# shift into park



## stam-adam

Добрый день,
подскажите, пожалуйста, как в обиходе в России говорят "shift into park"? 
Человек приехал забрать ребенка после уроков, дорога у школы забита машинами. Someone drives out of the line. I roll the SUV a car's length closer to the school and shift back into park.
Спасибо.


----------



## Enquiring Mind

... опять включаю парковку?  _You're the natives!  _


----------



## Rosett

"...перевёл рычаг (обратно) в паркинг".


----------



## stam-adam

Rosett said:


> "...перевёл рычаг (обратно) в паркинг".


Спасибо, Rosett!


----------



## stam-adam

Enquiring Mind said:


> ... опять включаю парковку?  _You're the natives!  _


Спасибо. (да, мой русский родом из России, где когда-то говорили по-русски. Но в те времена там некоторых реалий еще просто не существовало)


----------



## DrDIT

Never heard "переключить в паркинг", it sounds very wrong to me. Colloqually I'd say "переключился на парковку" or just "поставил на Р (П)", while in a car manual it would be along the lines "перевести рычаг АКПП в парковочное положение". Still, most people would just say "I stopped the car" without mentioning the gear shift action.


----------



## Q-cumber

Обычно говорят/пишут "поставить на паркинг". Впрочем, следует заметить, что в обиходе положение рычага переключения передач упоминается крайне редко. Чаще такие выражения встречаются на технических форумах. А в разговоре - только если положение рычага КПП имеет значение для дальнейшего рассказа.
"Поставил машину на нейтралку и мы затолкали её в гараж."
"Я всегда просто ставлю машину на паркинг, а ручник (ручной тормоз) не включаю." и т.д.
Также следует учитывать, что процент машин "на автомате" (с АКПП) в России/Европе не столь велик, как, скажем, в США. Поэтому далеко не все даже знают, что такое "паркинг (режим "Р").



> Someone drives out of the line. I roll the SUV a car's length closer to the school and shift back into park.

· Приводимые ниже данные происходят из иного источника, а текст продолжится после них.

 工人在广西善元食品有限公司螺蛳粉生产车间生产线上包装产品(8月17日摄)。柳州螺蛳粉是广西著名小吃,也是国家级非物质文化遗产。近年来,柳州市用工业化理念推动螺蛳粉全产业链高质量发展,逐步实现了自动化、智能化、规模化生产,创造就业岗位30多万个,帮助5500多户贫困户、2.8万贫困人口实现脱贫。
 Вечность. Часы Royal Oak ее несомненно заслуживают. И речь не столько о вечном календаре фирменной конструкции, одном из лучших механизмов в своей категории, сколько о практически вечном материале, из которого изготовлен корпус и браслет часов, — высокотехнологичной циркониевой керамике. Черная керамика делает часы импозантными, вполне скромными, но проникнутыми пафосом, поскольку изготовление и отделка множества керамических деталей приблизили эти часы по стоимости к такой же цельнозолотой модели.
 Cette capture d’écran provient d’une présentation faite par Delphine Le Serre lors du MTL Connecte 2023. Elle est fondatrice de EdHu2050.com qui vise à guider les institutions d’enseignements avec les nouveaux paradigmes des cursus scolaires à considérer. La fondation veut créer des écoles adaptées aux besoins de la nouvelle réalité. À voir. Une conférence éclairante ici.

Я с трудом представляю, чтобы в подобной ситуации кто-то стал поминать всуе коробку передач на русском языке. "Я переставил машину (на одно место) поближе к школе". Или, может быть, "перепарковал" (разг.).


----------



## Rosett

Q-cumber said:


> Я с трудом представляю, чтобы в подобной ситуации кто-то стал поминать всуе коробку передач на русском языке. "Я переставил машину (на одно место) поближе к школе". Или, может быть, "перепарковал" (разг.).

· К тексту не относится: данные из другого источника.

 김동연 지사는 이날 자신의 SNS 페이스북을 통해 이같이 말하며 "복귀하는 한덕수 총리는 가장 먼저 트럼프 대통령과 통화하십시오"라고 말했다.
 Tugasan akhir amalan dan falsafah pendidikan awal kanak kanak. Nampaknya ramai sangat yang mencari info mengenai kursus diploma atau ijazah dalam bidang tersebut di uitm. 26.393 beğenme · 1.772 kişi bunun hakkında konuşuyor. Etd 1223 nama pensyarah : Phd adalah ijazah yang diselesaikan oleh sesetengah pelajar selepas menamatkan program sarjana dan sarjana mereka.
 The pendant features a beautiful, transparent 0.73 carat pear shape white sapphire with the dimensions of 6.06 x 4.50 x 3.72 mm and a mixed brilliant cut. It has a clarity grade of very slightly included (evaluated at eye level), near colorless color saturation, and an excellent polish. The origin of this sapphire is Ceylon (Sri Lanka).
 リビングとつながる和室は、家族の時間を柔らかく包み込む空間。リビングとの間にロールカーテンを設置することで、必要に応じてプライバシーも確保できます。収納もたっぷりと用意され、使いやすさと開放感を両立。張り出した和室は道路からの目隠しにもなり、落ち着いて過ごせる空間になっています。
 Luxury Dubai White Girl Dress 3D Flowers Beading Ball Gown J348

Здесь отражены иные реалии, которым трудно найти параллель в российской жизни.
Родители создали привычную долгую пробку в узком проезде, ведущем к месту посадки/высадки детей у частной школы. У всех машины (внедорожники и т.д.) с АКПП, которые можно удерживать на месте при работающем двигателе просто педалью рабочего тормоза. Но продвижение идёт настолько медленно, что водитель, не желающий насиловать АКПП и свою ногу долгим удержанием, предпочитает при каждом продвижении вперёд на корпус  переводить рычаг АКПП в стояночное положение и отпускать педаль тормоза. Мотор при этом продолжает работать на холостых оборотах, но гораздо легче, так как нагрузки АКПП на него нет. Поэтому речь идёт не о перестановке машины или перепарковке, а о медленном продвижени вперёд в единственной полосе по мере выезда машин, сажающих детей по одному, и связанном с этим нарастающим раздражением водителя, что, вероятно, имеет значение для рассказа.


----------



## stam-adam

Rosett said:


> Здесь отражены иные реалии, которым трудно найти параллель в российской жизни.


Вооот, вы меня поняли  и совершенно точно увидели всю ситуацию ))
Остается широкий теоретический вопрос, что делать с _реалиями, которым трудно найти параллель_. Перевести как есть, и кто поймет - поймет? или "переводить" реалии, окрашивая историю в калужские тона вместо, скажем, техасских? ;-))


----------



## stam-adam

Q-cumber said:


> Также следует учитывать, что процент машин "на автомате" (с АКПП) в России/Европе не столь велик, как, скажем, в США. Поэтому далеко не все даже знают, что такое "паркинг (режим "Р").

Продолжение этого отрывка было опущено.